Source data
=== Begin Enclosure ===
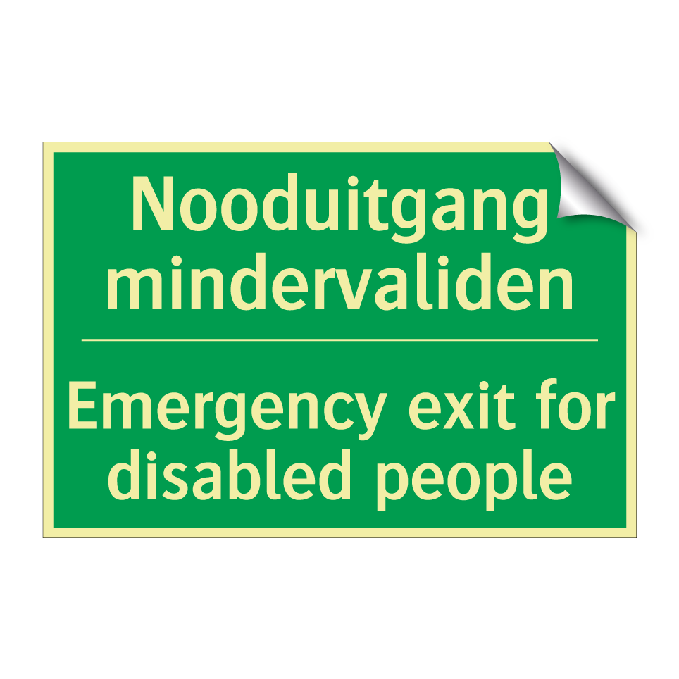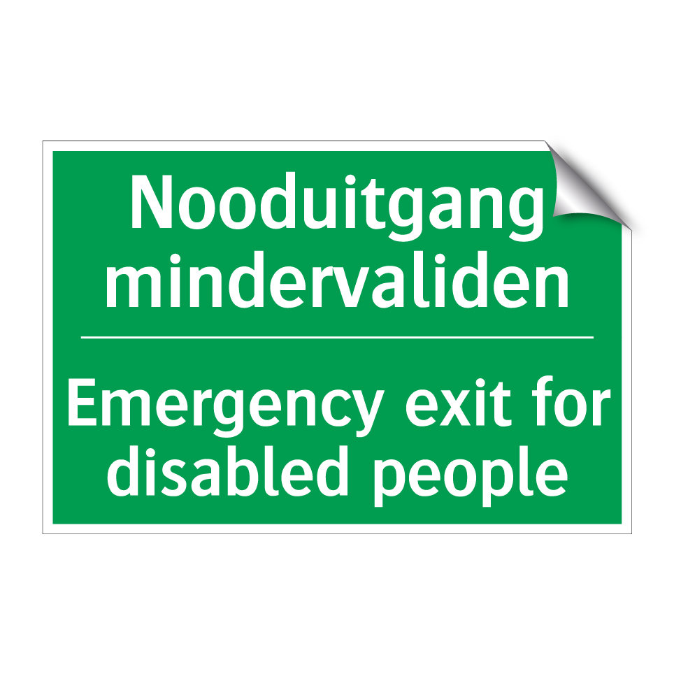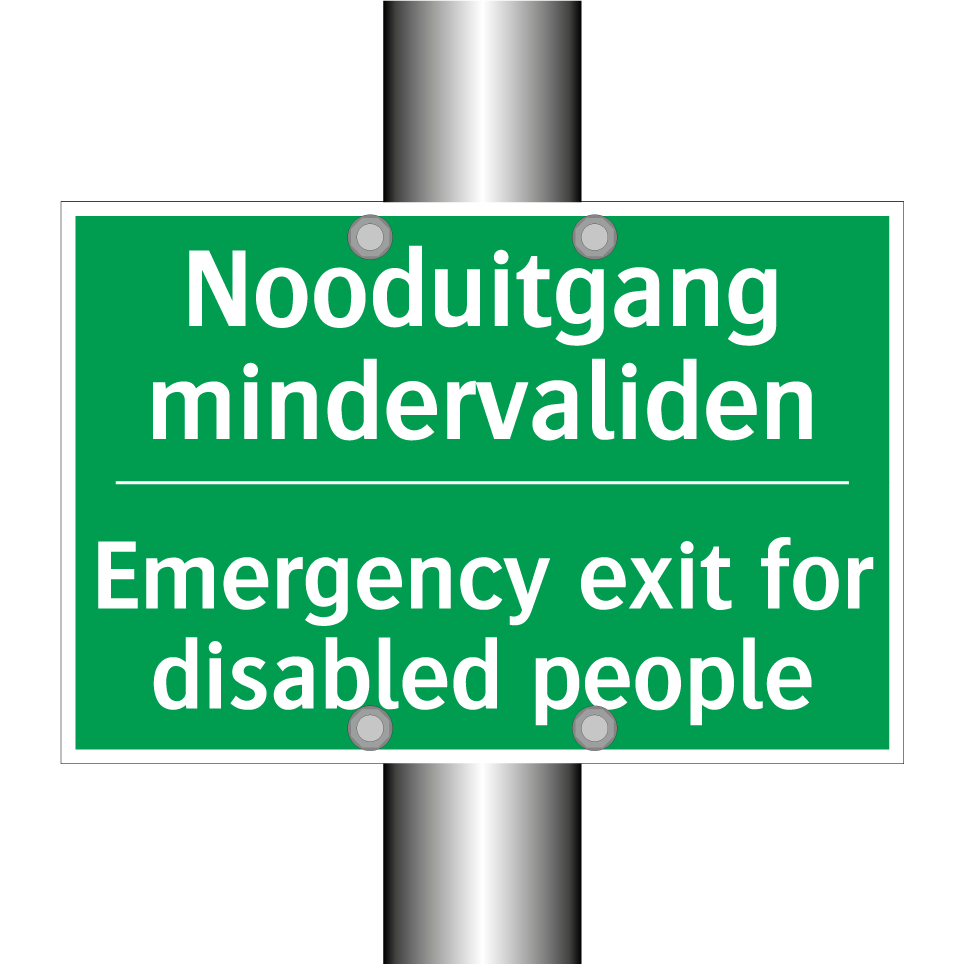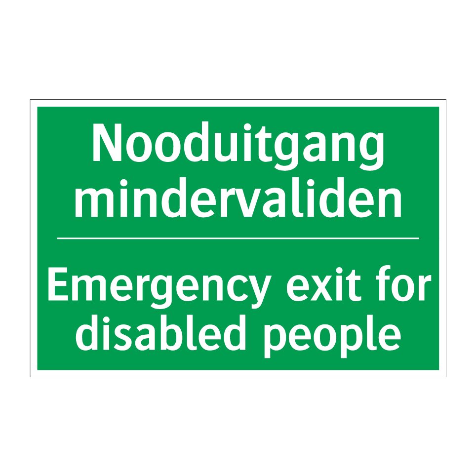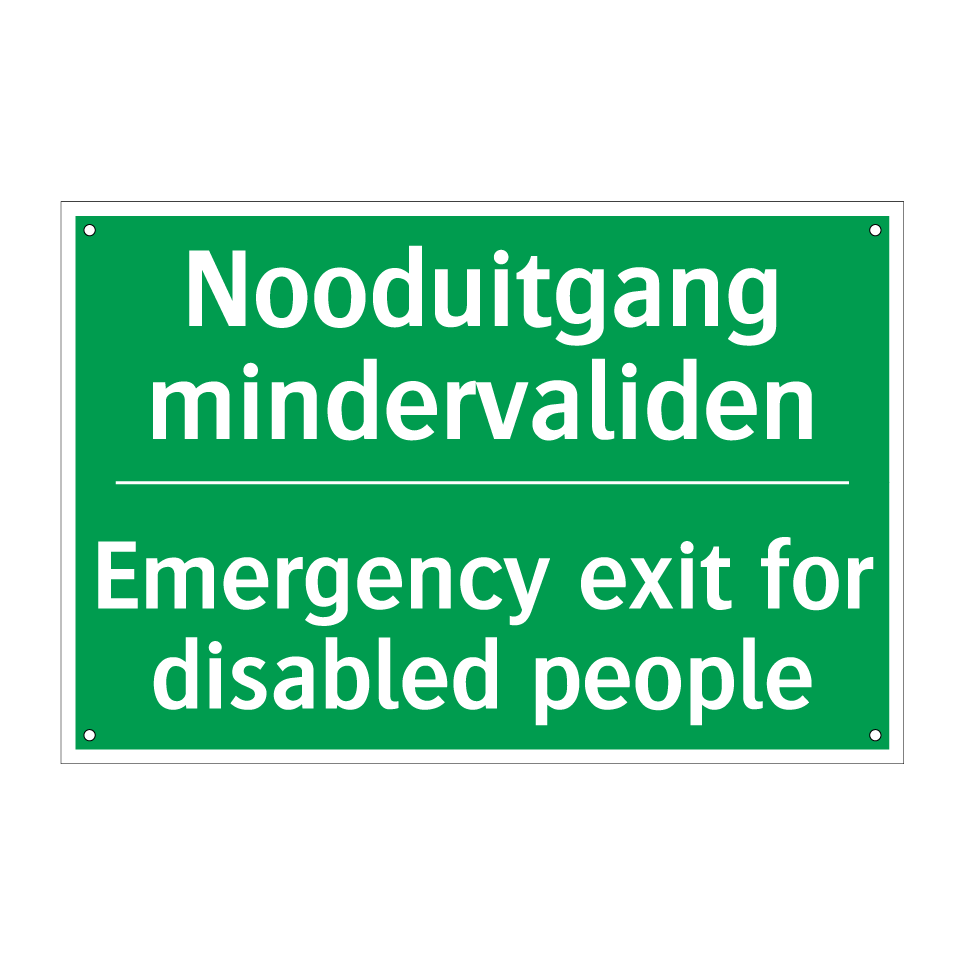 Noodbord met tekst Nooduitgang mindervaliden / Emergency exit for disabled people
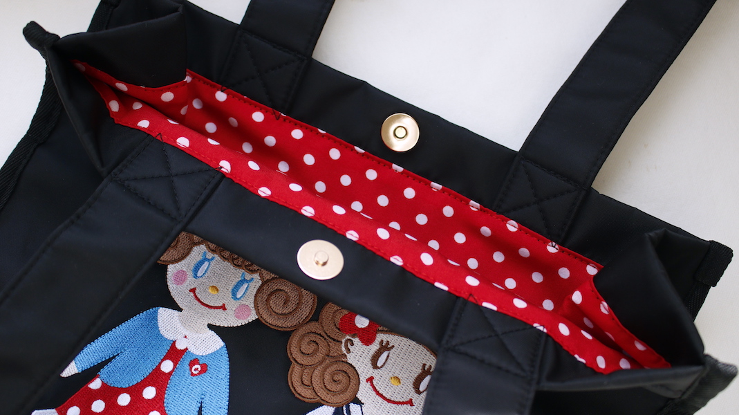 いちごちゃんとジンジャーちゃんの刺繍トートバッグ。
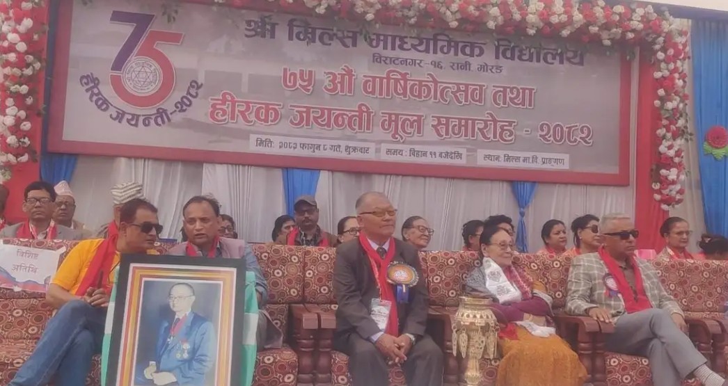 विराटनगरः विराटनगर–१६, रानीस्थित श्री मिल्स माध्यमिक विद्यालयले आफ्नो ७५ औँ वार्षिकोत्सव तथा हीरक जयन्ती साताव्यापी विविध कार्यक्रमका साथ भव्य रूपमा मनाएको छ ।
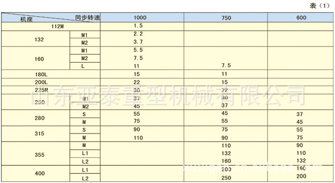 1.7、输出功率和转速基准工作制(S340%)时的额定输出功率和同步转速见表1(笼型电动机制造粗线框内的规格)
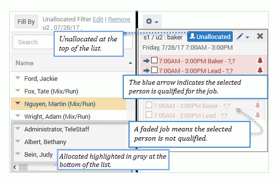 The Unallocated feature available on each of the pin boards returns unallocated resources that match the job’s entire vacancy period when turned on.
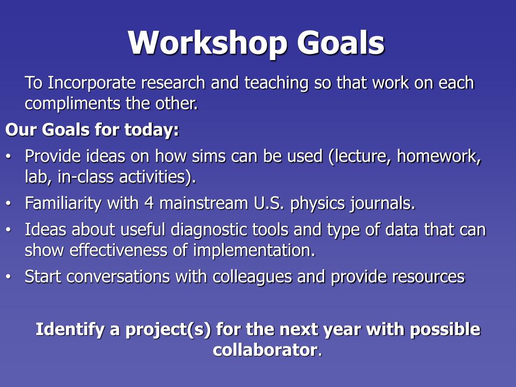 Workshop Goals • To Incorporate research and teaching so that work on each compliments the other. • Our Goals for today: • Provide ideas on how sims can be used (lecture, homework, lab, in-class activities). • Familiarity with4 mainstream U.S. physics journals. • Ideas about useful diagnostic tools and type of data that can show effectiveness of implementation. • Start conversations with colleagues and provide resources • Identify a project(s) for the next year with possible collaborator.
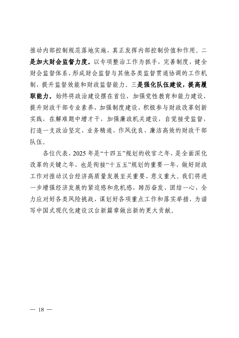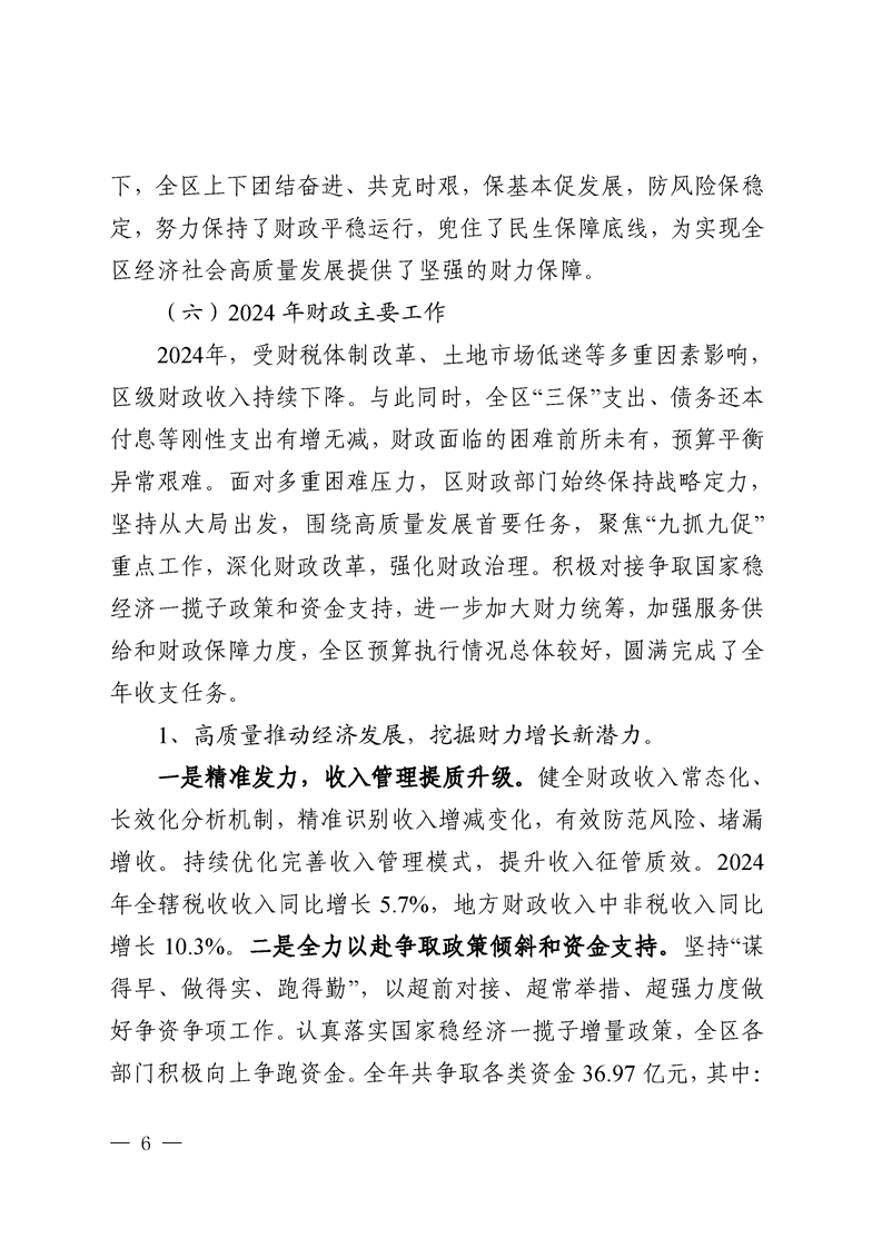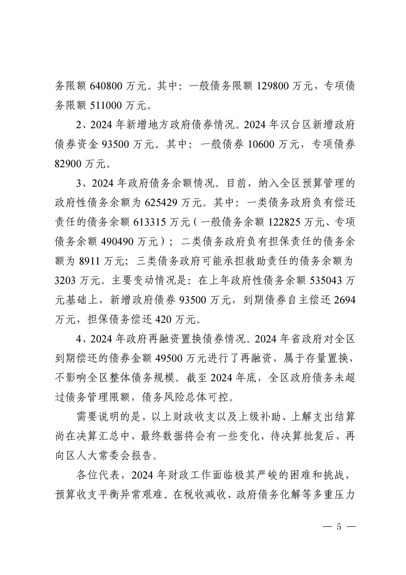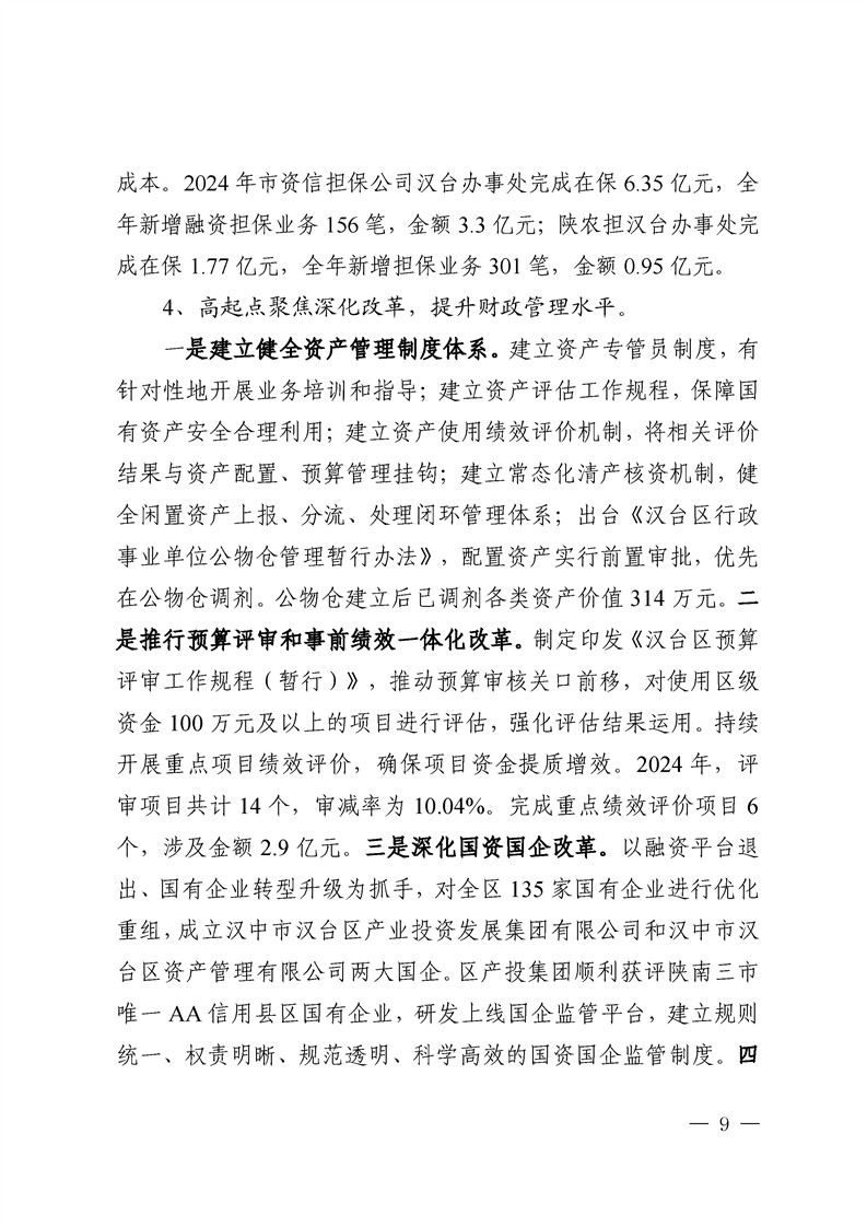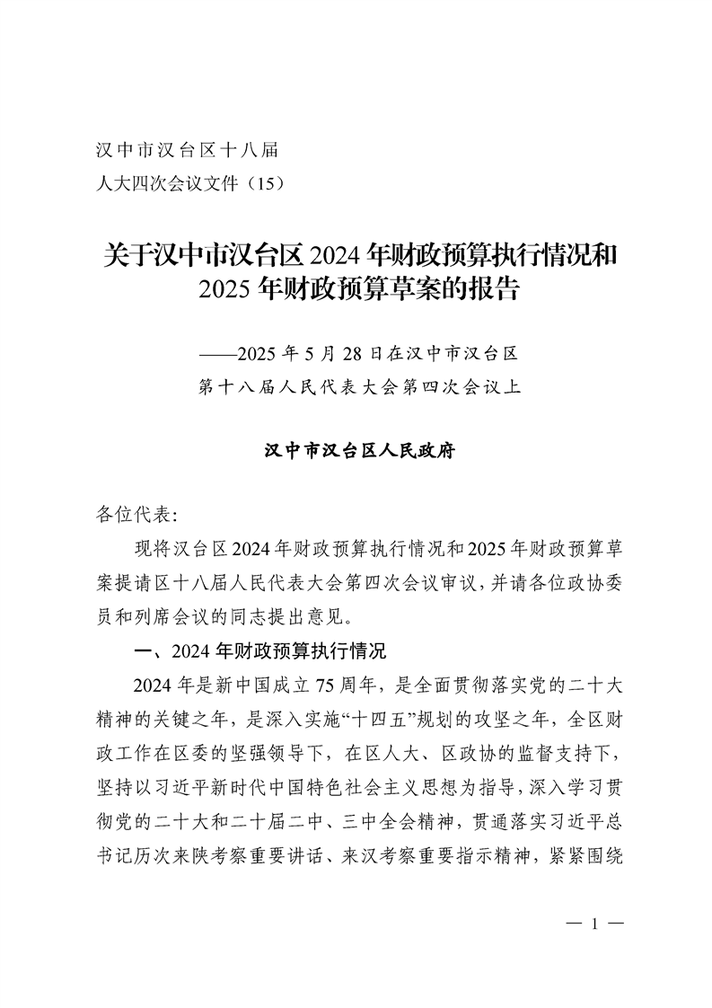 關于漢中市漢臺區2024年財政預算執行情況和2025年財政預算草案的報告
=== End Enclosure ===
Assignment
Out of the records above, please copy exactly the lines from the line with "विराटनगरः विराटनगर–१६, रानीस्थित" up to and including the line with "The Unallocated feature", minus the pictures.

Reply to the task
 विराटनगरः विराटनगर–१६, रानीस्थित श्री मिल्स माध्यमिक विद्यालयले आफ्नो ७५ औँ वार्षिकोत्सव तथा हीरक जयन्ती साताव्यापी विविध कार्यक्रमका साथ भव्य रूपमा मनाएको छ ।
 1.7、输出功率和转速基准工作制(S340%)时的额定输出功率和同步转速见表1(笼型电动机制造粗线框内的规格)
 The Unallocated feature available on each of the pin boards returns unallocated resources that match the job’s entire vacancy period when turned on.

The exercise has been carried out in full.